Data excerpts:
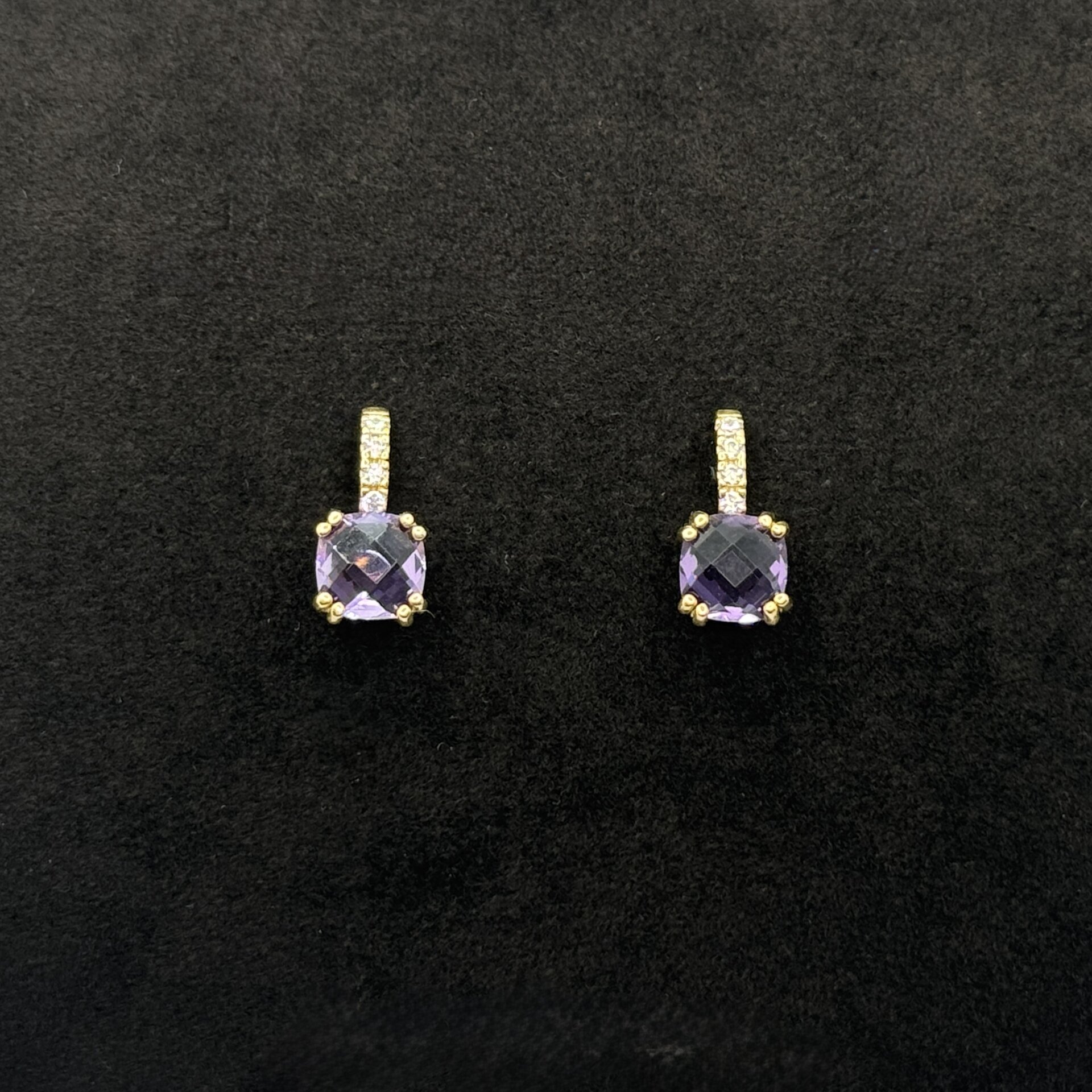 Orecchini Stroili in oro giallo 9 kt con ametista e Swarovski. Eleganti, luminosi e raffinati. Completi di confezione e certificazione ufficiale Stroili Gioielli.
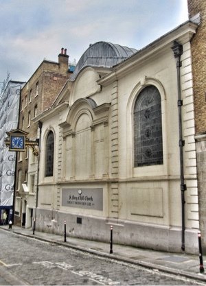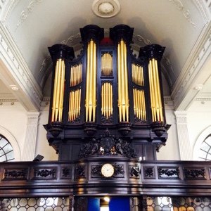 Inside the church all is surprisingly bare apart from the beautiful domed ceiling and the organ. This is a reflection of the 1988 fire (see below); thankfully the splendid 1848 organ, considered to be one of London’s finest, has been restored to its former glory.
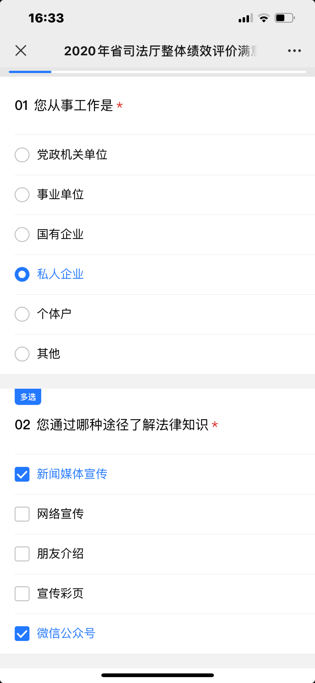 2.根据实际情况勾选答案。
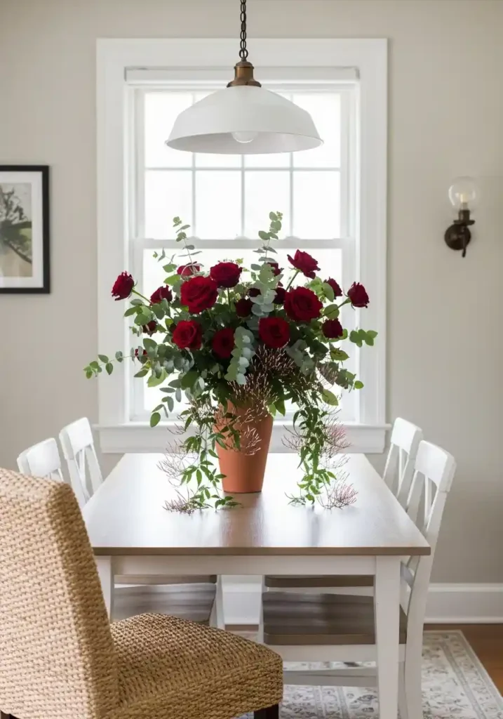 The art of a dining room floral arrangement that is both beautiful and spatially appropriate for a small room is entirely about scale and proportion — choosing an arrangement generous enough to feel genuinely impressive and genuinely celebratory while keeping it compact enough in footprint and low enough in height that it doesn’t overwhelm the table surface or block the sightlines across the table that make conversation easy and pleasurable. A wide, low arrangement in a shallow bowl or a generously filled short vase achieves this balance beautifully — maximizing the visual impact of the flowers while maintaining the open, unobstructed quality of the table surface and the unimpeded sight lines between every diner. Change the flowers weekly and the room feels constantly fresh, constantly alive, and constantly beautiful.
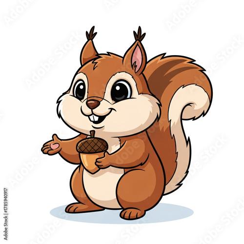© MSTLAYLI, Obraz premium Cute cartoon squirrel holding an acorn isolated on transparent background
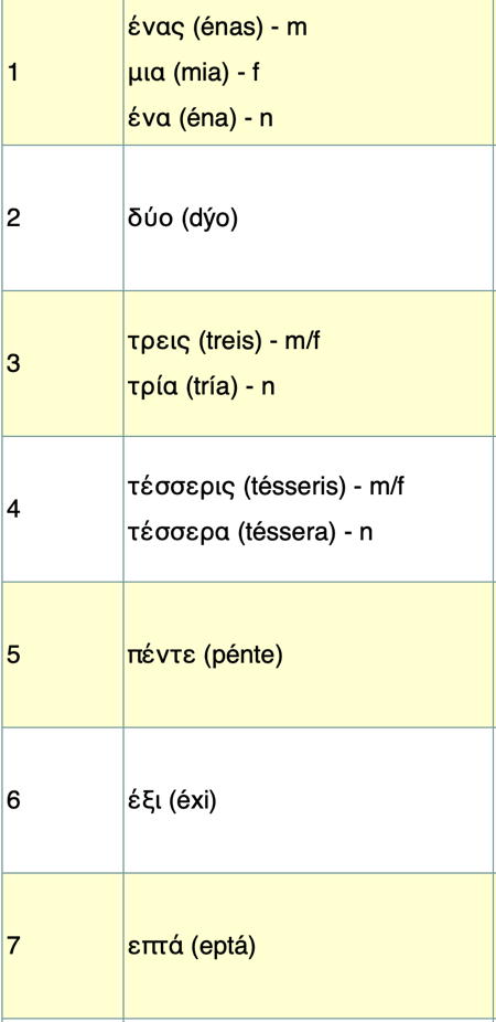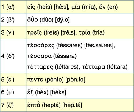 Before we go, though, as a math teacher I have to highlight a particular page, the one on Numbers in Various Languages. For instance, suppose you want to compare and contrast the names of the numbers in Ancient and Modern Greek, as I had to do in the pre-Internet days of 1966. If I had had access to Omniglot I would have easily found all the data I needed. Here are two clips, showing just 1–7 in Ancient and Modern Greek respectively:
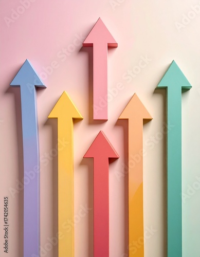 Top view of colorful arrows pointing upward, arranged side by side on a clean background,
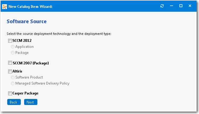 Important:While the instructions in this section assume you are adding a single package or application from ConfigMgr / SCCM 2012 to a new Software catalog item, you can include software from multiple deployment technologies to the same Software catalog item by selecting more than one source on the Software Source panel of the New Catalog Item Wizard.
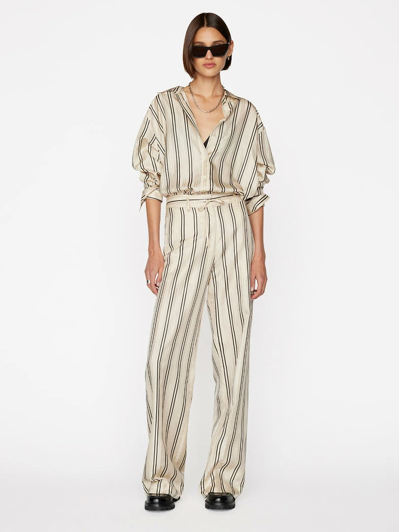 Utilitarian style that swings ultra chic. With a high-rise waist and a full-length leg that drapes beautifully at the ankle, this silk jacquard safari pant features a slight sheen and a tie-waist belt, for a elevated take on ease—particularly when paired with the matching oversized shirt.
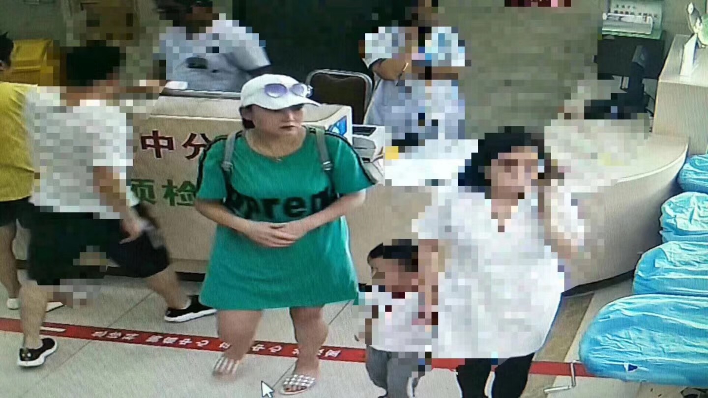 ▲唐女士说,穿绿色衣服、戴帽子的女子是肇事者(医院监控截图)
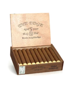 Rocky Patel The Edge Corojo Toro features a Cuban-seed Corojo wrapper with aged ligero fillers from Honduras and Nicaragua, delivering earthy, peppery, and coffee flavours.
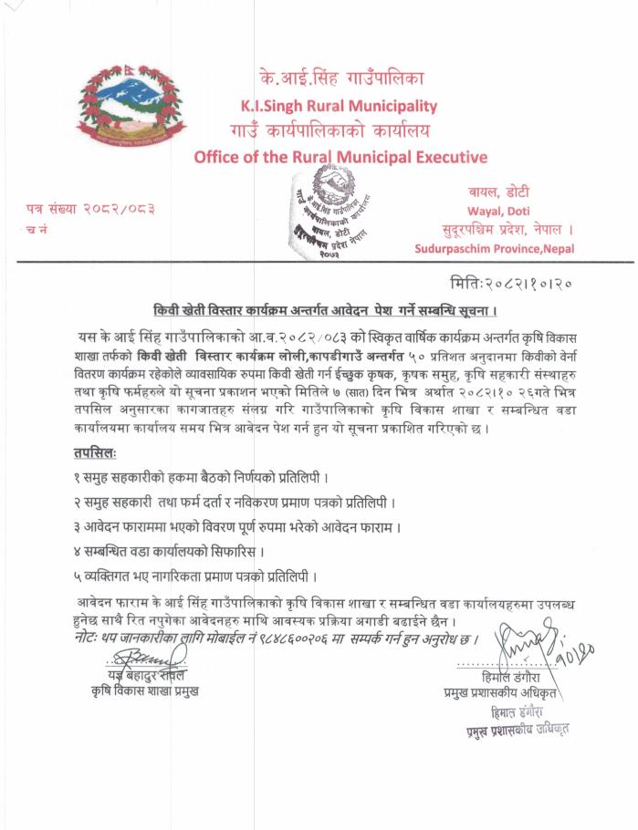 किवी खेती विस्तार कार्यक्रम अन्तर्गत आवेदन पेश गर्ने सम्बन्धी सूचना।
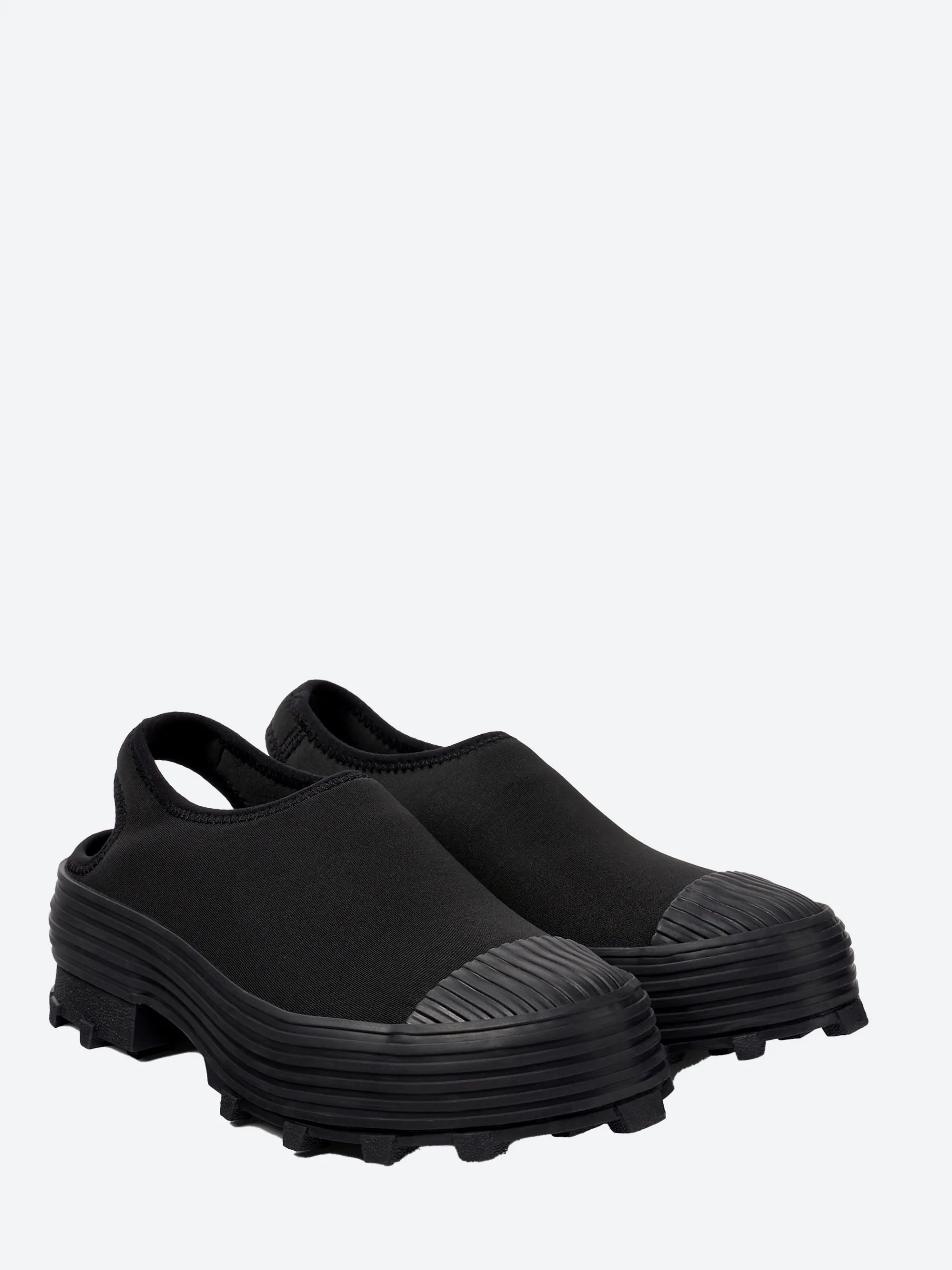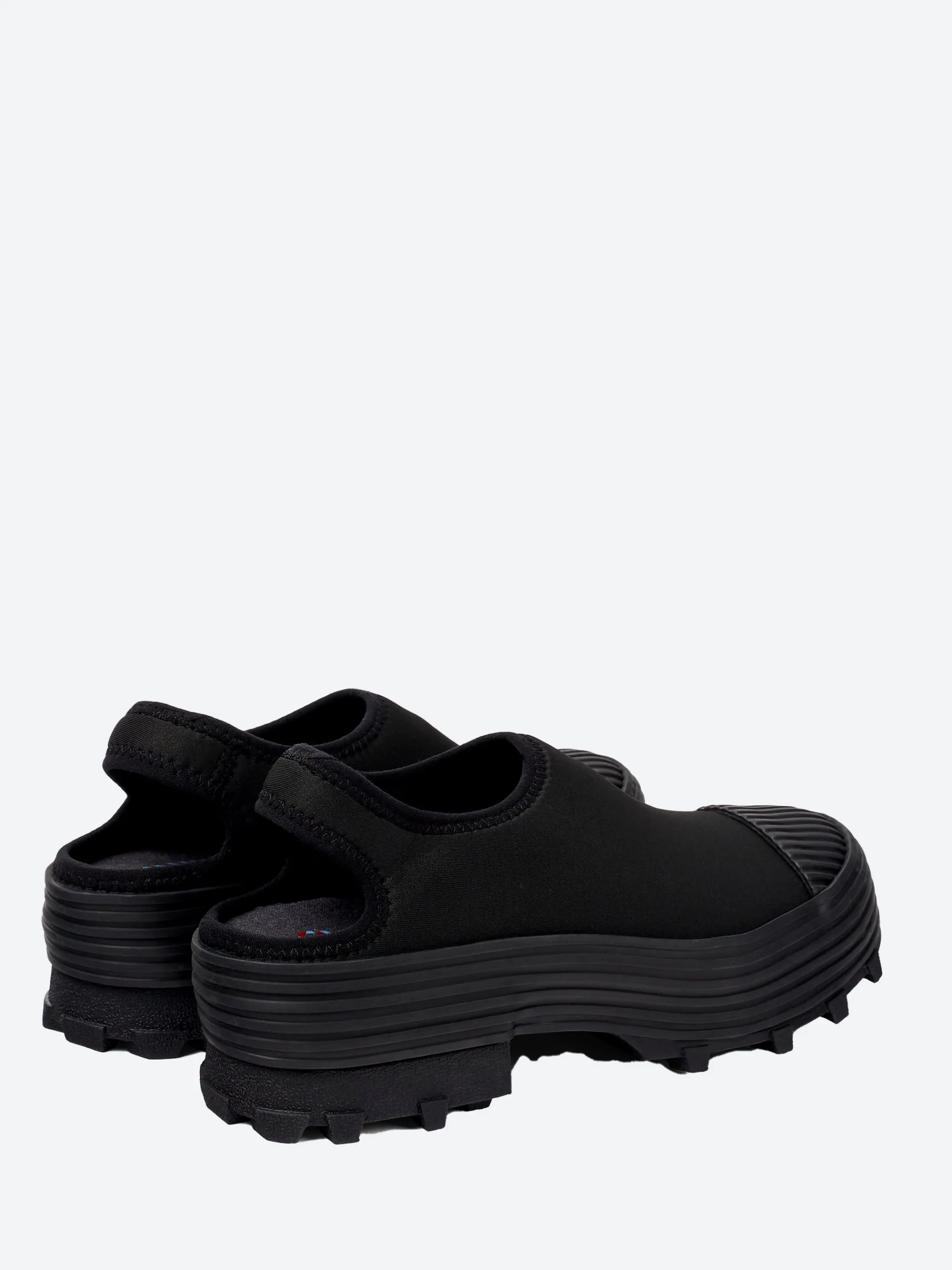 Clogs with recycled PET Neoprene, OrthoLite® Recycled™ footbeds, and rubber outsoles.

YOUR INSTRUCTIONS: An exact copy of every record above is required, with all pictures omitted.

WRITTEN SOLUTION:
 Orecchini Stroili in oro giallo 9 kt con ametista e Swarovski. Eleganti, luminosi e raffinati. Completi di confezione e certificazione ufficiale Stroili Gioielli.
 Inside the church all is surprisingly bare apart from the beautiful domed ceiling and the organ. This is a reflection of the 1988 fire (see below); thankfully the splendid 1848 organ, considered to be one of London’s finest, has been restored to its former glory.
 2.根据实际情况勾选答案。
 The art of a dining room floral arrangement that is both beautiful and spatially appropriate for a small room is entirely about scale and proportion — choosing an arrangement generous enough to feel genuinely impressive and genuinely celebratory while keeping it compact enough in footprint and low enough in height that it doesn’t overwhelm the table surface or block the sightlines across the table that make conversation easy and pleasurable. A wide, low arrangement in a shallow bowl or a generously filled short vase achieves this balance beautifully — maximizing the visual impact of the flowers while maintaining the open, unobstructed quality of the table surface and the unimpeded sight lines between every diner. Change the flowers weekly and the room feels constantly fresh, constantly alive, and constantly beautiful.
© MSTLAYLI, Obraz premium Cute cartoon squirrel holding an acorn isolated on transparent background
 Before we go, though, as a math teacher I have to highlight a particular page, the one on Numbers in Various Languages. For instance, suppose you want to compare and contrast the names of the numbers in Ancient and Modern Greek, as I had to do in the pre-Internet days of 1966. If I had had access to Omniglot I would have easily found all the data I needed. Here are two clips, showing just 1–7 in Ancient and Modern Greek respectively:
 Top view of colorful arrows pointing upward, arranged side by side on a clean background,
 Important:While the instructions in this section assume you are adding a single package or application from ConfigMgr / SCCM 2012 to a new Software catalog item, you can include software from multiple deployment technologies to the same Software catalog item by selecting more than one source on the Software Source panel of the New Catalog Item Wizard.
 Utilitarian style that swings ultra chic. With a high-rise waist and a full-length leg that drapes beautifully at the ankle, this silk jacquard safari pant features a slight sheen and a tie-waist belt, for a elevated take on ease—particularly when paired with the matching oversized shirt.
 ▲唐女士说,穿绿色衣服、戴帽子的女子是肇事者(医院监控截图)
 Rocky Patel The Edge Corojo Toro features a Cuban-seed Corojo wrapper with aged ligero fillers from Honduras and Nicaragua, delivering earthy, peppery, and coffee flavours.
 किवी खेती विस्तार कार्यक्रम अन्तर्गत आवेदन पेश गर्ने सम्बन्धी सूचना।
 Clogs with recycled PET Neoprene, OrthoLite® Recycled™ footbeds, and rubber outsoles.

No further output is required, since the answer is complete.